From-scratch **klein-init** full finetune of the 4B DiT. Loss = per-encoder self-normalized `∇log(MMD²)`
across **10 frozen vision encoders** (inception, convnext, mae, clip, dinov3, pe-core, siglip2, aimv2,
webssl-dino, dreamsim), computed with **Nyström** landmarks (M=8192) against a **curated teacher reference**
(GenEval-correctness-filtered teacher samples + PickScore-top-3 COCO teacher samples). On-policy rollout
buffer R=10240, cold kernel bandwidth σ = median·0.25, GradCache for exact full-batch MMD gradients.
**~90 GPU-hours** to step 180 (8× H200).

## Caveats
- **GenEval is partly in-distribution.** The 553 GenEval prompts appear in the training generator pool
  (≈17.6%) and the reference (≈17.8%). The GenEval number is strong but partly reflects in-distribution
  fit; held-out compositional generalization (e.g.

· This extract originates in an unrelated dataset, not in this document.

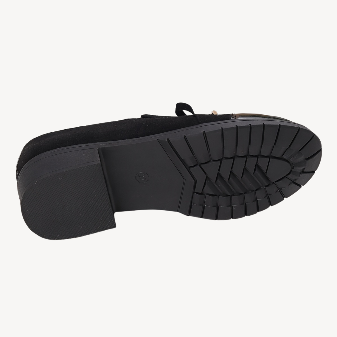 • Diese Loafer vereinen Schlichtheit und modernen Stil. Das glänzende Obermaterial und die feine Schleifendetail verleihen jedem Outfit eine gepflegte Note. Perfekt für Büro, Freizeit oder besondere Anlässe.
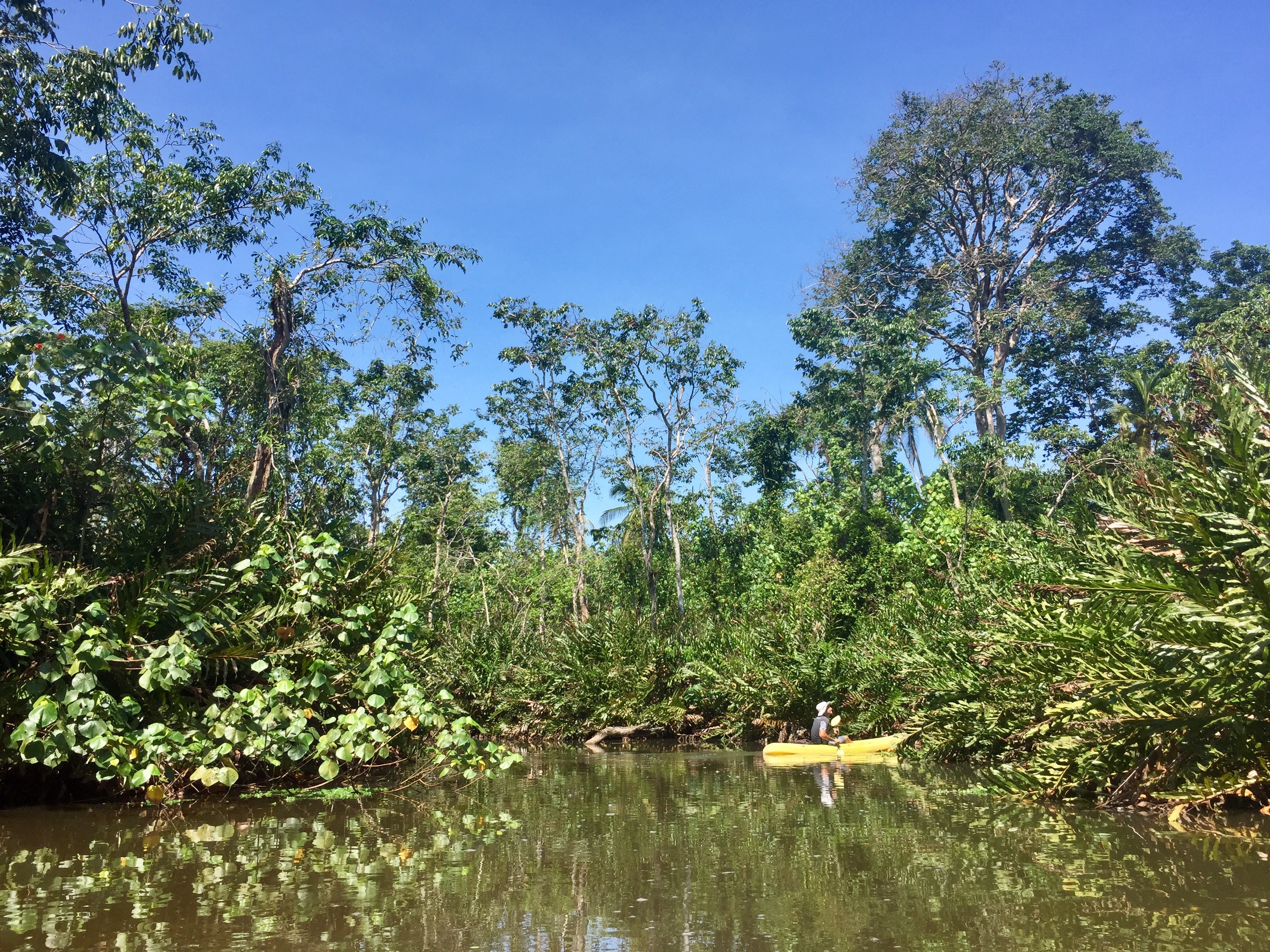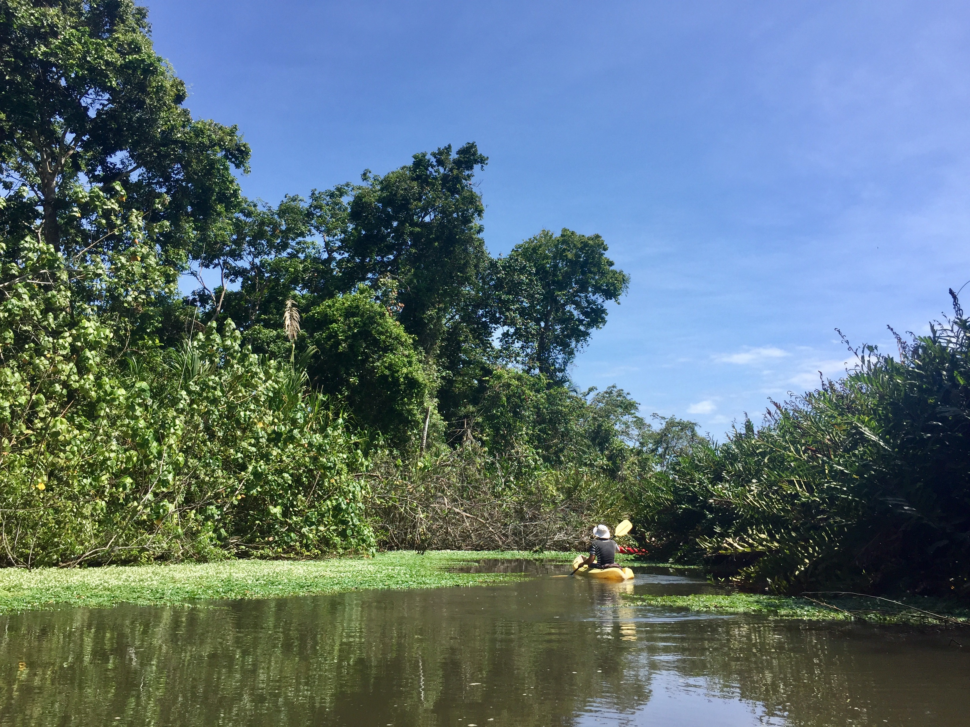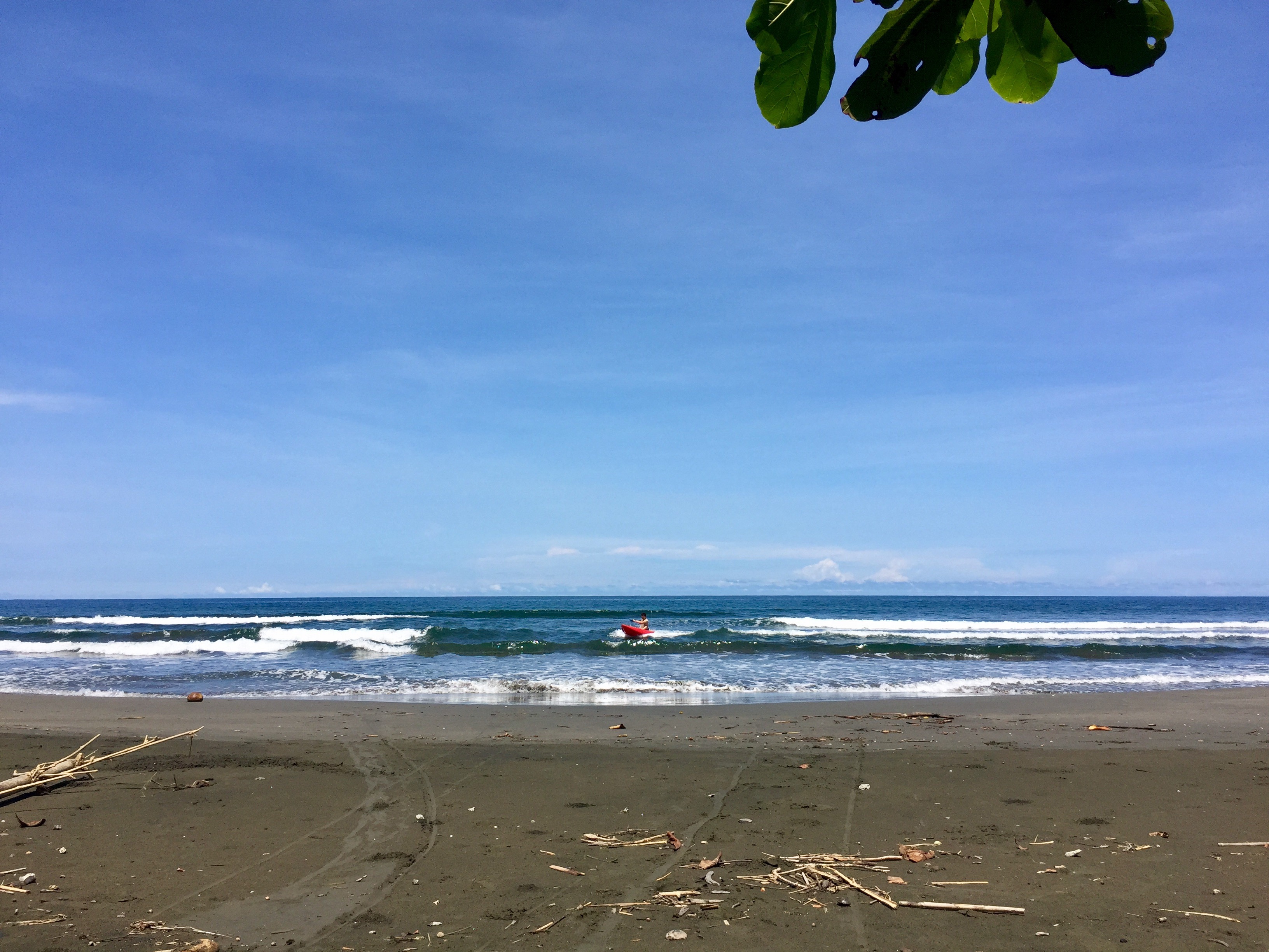 We beach our kayaks and devour a pineapple, then paddle back out into the ocean. We take our time, as our arms are not used to this motion. We cross the coral reef, schools of fish – silver jewels glancing by. The sun pierces deep water in long spears. Billy strings out a fishing line and trolls it behind him, keeping the line between his teeth as he paddles. He catches a fish. Two men are diving and catching lobsters, their dark heads bobbing and disappearing, showcasing a stark familiarity with the sea. We make it to Playa Negra, a black sand beach, with a small break. Patrick gets excited and tries to surf his kayak. Succeeding, he paddles back out for more. I give it a try, and satisfied with my one ride I get out to pull the kayak onto shore, but a wave hits broadside and flips my kayak over and onto me, bruising my knee. I’m quick to recover and drag it out, extremely grateful for having a dry bag for my phone.

T2I-CompBench) is not yet measured.
- Trained/evaluated at **512²**.

## Citation

This model is from the paper **Representation Distribution Matching for One-Step Visual Generation**.
Paper: [arXiv:2607.02375](https://arxiv.org/abs/2607.02375) · [Hugging Face Papers](https://huggingface.co/papers/2607.02375) · [Project page](https://alan-lanfeng.github.io/rdm/)

```bibtex
@article{feng2026rdm,
  title={Representation Distribution Matching for One-Step Visual Generation},
  author={Feng, Lan and Li, Wuyang and Zablocki, {\'E}loi and Cord, Matthieu and Alahi, Alexandre},
  journal={arXiv preprint arXiv:2607.02375},
  year={2026}
}
```

## License
Derived from **FLUX.2 klein** (Apache-2.0); released under Apache-2.0.